Part of the issue is our incarceration system is now burdened with quotas built into many private prison agreements with state governments. As shown in the piece, “Prison Quotas Push Lawmakers To Fill Beds”

Far from the exception, Arizona’s contractually obligated promise to fill prison beds is a common provision in a majority of America’s private prison contracts, according to a public records analysis released today by the advocacy group In the Public Interest. The group reviewed more than 60 contracts between private prison companies and state and local governments across the country, and found language mentioning quotas for prisoners in nearly two-thirds of those analyzed … Private prison corporations emerged in the 1980s and 1990s, at a time when crime rates were soaring and states were scrambling to keep up with surging prison populations.

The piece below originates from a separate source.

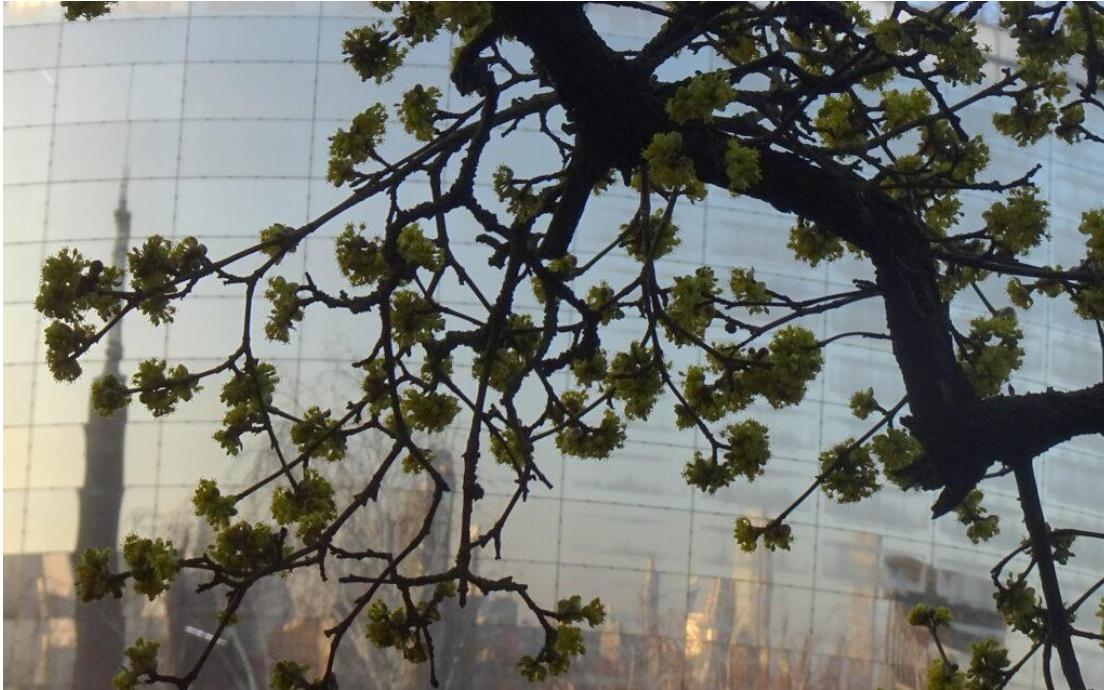
80-jaar oude kornoelje in de tuin van het Chabot museum.

Lawmakers needed quick alternatives, and looked to private prisons as an overflow valve to house inmates who were overcrowding the existing state systems.

But as state prison populations have started to decline in recent years, advocates point to occupancy guarantees as long-term obligations that raise core questions about who benefits from the service: the state, or the prison contractor?

The problem is as a society we don’t commit enough crimes to service the prison population numbers that states agreed upon in these contracts. How did we get to the place we are at now? Where effectively, it has been deemed the lives of young Black men are the sacrificial lamb to cover the shortfall in these contractual prison debts that are now due.